→ DATASET CONTENT
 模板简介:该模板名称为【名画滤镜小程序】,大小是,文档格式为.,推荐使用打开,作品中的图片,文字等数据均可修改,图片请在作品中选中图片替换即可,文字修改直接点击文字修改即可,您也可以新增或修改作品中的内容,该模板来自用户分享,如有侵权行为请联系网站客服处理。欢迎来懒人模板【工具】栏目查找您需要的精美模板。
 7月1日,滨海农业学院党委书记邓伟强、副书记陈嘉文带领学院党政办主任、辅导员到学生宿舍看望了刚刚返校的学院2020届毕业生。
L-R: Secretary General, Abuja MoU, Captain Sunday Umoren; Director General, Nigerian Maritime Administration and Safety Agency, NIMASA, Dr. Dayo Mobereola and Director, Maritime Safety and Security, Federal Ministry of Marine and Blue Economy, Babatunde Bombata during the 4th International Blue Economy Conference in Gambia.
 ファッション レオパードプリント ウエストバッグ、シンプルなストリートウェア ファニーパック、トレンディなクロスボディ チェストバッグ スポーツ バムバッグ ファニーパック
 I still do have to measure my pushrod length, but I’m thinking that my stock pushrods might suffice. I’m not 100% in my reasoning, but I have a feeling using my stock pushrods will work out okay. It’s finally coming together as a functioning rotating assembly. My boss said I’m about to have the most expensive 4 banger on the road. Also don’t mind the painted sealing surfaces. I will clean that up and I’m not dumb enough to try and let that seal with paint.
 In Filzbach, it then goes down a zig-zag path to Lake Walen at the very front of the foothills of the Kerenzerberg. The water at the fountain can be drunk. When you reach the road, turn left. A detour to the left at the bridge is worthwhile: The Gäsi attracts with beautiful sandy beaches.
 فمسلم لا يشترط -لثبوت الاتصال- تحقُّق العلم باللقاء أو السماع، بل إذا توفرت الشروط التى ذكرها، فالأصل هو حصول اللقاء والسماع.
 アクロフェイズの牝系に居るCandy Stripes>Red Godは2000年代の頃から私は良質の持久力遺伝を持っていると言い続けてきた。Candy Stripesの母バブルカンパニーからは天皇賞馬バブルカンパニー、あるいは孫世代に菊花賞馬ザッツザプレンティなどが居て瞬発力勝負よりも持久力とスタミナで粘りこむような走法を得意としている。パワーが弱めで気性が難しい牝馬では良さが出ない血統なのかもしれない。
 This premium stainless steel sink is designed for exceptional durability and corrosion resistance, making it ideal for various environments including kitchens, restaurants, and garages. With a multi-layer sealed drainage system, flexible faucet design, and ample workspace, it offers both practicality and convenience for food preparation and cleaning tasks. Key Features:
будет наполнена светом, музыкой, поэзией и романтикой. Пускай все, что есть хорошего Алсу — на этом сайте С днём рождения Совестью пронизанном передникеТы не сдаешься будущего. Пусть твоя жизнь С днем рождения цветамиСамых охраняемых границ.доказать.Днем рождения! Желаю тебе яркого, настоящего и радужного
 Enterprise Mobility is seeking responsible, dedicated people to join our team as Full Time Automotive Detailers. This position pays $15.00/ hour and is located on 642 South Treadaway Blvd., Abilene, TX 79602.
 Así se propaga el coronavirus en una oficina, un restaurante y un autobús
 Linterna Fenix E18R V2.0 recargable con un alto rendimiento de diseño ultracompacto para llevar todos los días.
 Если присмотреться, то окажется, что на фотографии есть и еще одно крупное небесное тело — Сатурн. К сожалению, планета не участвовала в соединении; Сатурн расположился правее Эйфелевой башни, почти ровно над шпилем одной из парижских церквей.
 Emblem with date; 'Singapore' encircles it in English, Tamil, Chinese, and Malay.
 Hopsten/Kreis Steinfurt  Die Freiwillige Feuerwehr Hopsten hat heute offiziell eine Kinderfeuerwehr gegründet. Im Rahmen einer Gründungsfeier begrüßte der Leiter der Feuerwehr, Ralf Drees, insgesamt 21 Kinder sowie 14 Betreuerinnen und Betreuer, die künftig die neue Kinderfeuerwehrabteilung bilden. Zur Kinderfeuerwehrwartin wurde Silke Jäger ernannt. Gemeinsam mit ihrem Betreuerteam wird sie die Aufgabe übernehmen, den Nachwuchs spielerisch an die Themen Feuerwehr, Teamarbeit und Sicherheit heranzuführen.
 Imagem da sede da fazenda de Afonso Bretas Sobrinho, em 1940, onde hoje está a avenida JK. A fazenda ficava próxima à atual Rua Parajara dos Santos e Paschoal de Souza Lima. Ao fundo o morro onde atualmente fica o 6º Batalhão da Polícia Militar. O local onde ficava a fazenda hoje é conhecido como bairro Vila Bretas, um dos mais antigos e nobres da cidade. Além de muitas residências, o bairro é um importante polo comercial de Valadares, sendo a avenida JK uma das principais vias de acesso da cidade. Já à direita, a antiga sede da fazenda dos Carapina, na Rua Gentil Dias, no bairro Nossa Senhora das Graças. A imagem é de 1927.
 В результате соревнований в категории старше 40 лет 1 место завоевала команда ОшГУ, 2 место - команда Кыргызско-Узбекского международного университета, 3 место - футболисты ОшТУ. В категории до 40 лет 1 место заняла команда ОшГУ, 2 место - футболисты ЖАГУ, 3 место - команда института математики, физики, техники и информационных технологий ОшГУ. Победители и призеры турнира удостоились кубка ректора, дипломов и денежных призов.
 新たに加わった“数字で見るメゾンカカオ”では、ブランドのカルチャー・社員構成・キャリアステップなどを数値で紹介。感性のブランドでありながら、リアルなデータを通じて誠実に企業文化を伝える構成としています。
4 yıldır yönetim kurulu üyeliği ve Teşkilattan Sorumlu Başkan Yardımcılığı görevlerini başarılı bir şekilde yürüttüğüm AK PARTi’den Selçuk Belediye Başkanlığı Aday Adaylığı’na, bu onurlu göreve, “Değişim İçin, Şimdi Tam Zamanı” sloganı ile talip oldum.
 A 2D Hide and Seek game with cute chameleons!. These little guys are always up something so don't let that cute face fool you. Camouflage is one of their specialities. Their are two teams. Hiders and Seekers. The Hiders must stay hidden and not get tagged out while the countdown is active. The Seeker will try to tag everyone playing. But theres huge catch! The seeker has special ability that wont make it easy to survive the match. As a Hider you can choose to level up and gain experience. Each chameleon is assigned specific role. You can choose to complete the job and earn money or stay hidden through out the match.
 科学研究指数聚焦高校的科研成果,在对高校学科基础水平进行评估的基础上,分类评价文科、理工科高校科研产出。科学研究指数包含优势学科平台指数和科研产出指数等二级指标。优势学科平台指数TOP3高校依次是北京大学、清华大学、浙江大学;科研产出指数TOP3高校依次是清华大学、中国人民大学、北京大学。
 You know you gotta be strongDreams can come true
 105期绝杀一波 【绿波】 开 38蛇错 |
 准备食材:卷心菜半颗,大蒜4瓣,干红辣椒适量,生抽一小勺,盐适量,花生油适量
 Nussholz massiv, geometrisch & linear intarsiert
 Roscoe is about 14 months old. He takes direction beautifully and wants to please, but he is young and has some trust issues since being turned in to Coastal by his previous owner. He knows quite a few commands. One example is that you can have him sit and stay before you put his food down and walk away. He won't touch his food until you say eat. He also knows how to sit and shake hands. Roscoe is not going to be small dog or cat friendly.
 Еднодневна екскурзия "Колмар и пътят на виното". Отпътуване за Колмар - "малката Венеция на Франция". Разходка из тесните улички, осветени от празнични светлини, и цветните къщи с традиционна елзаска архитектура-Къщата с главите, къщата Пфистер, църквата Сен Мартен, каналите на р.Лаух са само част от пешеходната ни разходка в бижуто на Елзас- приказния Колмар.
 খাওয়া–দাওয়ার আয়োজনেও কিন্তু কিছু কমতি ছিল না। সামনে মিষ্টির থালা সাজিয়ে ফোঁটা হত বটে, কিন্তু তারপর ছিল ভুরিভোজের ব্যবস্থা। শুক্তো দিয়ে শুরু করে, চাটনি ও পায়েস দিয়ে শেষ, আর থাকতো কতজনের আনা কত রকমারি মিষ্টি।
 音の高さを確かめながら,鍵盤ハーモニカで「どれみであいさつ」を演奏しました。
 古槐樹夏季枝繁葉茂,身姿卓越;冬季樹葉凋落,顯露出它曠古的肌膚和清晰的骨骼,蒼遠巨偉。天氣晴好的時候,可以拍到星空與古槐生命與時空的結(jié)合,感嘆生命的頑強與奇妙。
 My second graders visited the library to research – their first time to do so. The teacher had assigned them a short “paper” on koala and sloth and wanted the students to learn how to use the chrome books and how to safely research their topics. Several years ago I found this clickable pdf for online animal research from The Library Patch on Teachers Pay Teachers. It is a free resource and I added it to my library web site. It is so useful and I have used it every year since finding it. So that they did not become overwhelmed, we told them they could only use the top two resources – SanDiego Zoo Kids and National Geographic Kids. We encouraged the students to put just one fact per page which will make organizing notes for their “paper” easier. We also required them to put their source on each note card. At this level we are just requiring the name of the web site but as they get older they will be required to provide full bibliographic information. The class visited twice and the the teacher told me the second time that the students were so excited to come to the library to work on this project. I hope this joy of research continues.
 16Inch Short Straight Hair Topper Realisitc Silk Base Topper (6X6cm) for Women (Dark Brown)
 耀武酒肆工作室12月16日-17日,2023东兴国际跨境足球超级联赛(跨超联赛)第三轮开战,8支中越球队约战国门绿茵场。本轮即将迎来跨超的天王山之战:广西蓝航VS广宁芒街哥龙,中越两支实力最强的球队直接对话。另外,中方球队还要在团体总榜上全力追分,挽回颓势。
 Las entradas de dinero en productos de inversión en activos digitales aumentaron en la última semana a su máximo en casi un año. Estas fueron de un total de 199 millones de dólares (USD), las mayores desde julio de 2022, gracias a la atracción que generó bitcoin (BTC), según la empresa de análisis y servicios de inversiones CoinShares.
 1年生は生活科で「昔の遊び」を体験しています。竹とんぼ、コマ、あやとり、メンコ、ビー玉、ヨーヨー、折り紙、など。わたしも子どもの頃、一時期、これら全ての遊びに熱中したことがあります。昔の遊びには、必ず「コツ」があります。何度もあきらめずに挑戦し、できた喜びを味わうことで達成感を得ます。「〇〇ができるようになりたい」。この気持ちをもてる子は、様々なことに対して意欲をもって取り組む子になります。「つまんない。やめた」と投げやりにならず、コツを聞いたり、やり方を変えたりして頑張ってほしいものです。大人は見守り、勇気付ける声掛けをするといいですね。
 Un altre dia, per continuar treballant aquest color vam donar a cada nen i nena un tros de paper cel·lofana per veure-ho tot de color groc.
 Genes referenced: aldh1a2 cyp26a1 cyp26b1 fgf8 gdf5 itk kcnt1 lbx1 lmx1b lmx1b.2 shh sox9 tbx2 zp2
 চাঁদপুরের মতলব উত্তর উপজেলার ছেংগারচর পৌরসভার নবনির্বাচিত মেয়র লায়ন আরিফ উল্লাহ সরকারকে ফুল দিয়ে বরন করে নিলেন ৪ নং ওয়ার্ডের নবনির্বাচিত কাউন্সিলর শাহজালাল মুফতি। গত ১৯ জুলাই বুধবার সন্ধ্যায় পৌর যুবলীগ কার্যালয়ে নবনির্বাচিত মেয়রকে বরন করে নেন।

→ TASK DIRECTIONS
One inclusive range is required: first line of the data through the line containing "7月1日,滨海农业学院党委书". Set it down exactly and output nothing else.

→ WRITTEN ANSWER
 模板简介:该模板名称为【名画滤镜小程序】,大小是,文档格式为.,推荐使用打开,作品中的图片,文字等数据均可修改,图片请在作品中选中图片替换即可,文字修改直接点击文字修改即可,您也可以新增或修改作品中的内容,该模板来自用户分享,如有侵权行为请联系网站客服处理。欢迎来懒人模板【工具】栏目查找您需要的精美模板。
 7月1日,滨海农业学院党委书记邓伟强、副书记陈嘉文带领学院党政办主任、辅导员到学生宿舍看望了刚刚返校的学院2020届毕业生。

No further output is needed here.